With pictures excluded, copy word for word the lines in the data below from the line containing "साड़ी से ज्यादा" through the line containing "Lunalae Maeve Mesh".

_TASK MATERIAL_
────

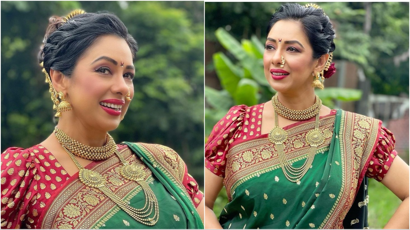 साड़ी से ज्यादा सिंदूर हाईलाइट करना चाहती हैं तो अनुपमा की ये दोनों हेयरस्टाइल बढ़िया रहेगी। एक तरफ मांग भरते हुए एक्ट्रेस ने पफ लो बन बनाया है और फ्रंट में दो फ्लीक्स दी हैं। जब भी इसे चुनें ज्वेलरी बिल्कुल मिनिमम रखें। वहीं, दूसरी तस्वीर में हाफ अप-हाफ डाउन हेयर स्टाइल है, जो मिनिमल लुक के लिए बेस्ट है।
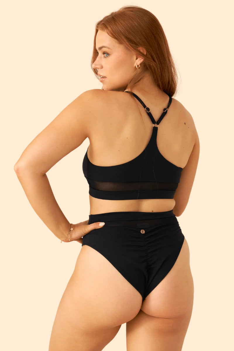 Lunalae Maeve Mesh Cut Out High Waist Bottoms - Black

────

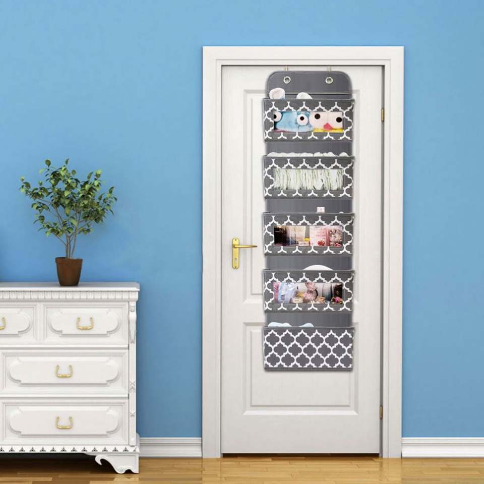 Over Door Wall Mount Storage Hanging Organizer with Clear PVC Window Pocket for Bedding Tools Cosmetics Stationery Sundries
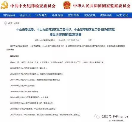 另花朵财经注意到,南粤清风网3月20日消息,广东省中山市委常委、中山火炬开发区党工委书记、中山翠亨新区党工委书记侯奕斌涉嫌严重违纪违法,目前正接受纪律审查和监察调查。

────

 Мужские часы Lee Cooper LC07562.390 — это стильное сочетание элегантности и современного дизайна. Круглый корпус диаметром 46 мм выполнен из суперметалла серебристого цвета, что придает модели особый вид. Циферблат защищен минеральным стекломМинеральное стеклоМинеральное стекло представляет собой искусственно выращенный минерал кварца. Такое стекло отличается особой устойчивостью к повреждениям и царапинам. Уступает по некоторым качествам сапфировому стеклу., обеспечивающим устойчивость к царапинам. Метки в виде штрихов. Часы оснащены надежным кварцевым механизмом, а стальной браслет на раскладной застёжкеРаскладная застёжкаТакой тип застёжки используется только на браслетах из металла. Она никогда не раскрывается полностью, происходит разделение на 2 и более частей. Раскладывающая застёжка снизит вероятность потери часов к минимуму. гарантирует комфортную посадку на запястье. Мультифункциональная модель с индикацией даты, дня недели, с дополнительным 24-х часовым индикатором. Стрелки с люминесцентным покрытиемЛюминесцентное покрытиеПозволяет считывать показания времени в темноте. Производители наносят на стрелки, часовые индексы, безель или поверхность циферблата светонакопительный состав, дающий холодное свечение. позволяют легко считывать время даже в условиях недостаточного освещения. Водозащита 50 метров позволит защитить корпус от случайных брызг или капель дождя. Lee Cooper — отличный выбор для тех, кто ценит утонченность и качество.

────

_OUTPUT OF THE EXERCISE_
 साड़ी से ज्यादा सिंदूर हाईलाइट करना चाहती हैं तो अनुपमा की ये दोनों हेयरस्टाइल बढ़िया रहेगी। एक तरफ मांग भरते हुए एक्ट्रेस ने पफ लो बन बनाया है और फ्रंट में दो फ्लीक्स दी हैं। जब भी इसे चुनें ज्वेलरी बिल्कुल मिनिमम रखें। वहीं, दूसरी तस्वीर में हाफ अप-हाफ डाउन हेयर स्टाइल है, जो मिनिमल लुक के लिए बेस्ट है।
 Lunalae Maeve Mesh Cut Out High Waist Bottoms - Black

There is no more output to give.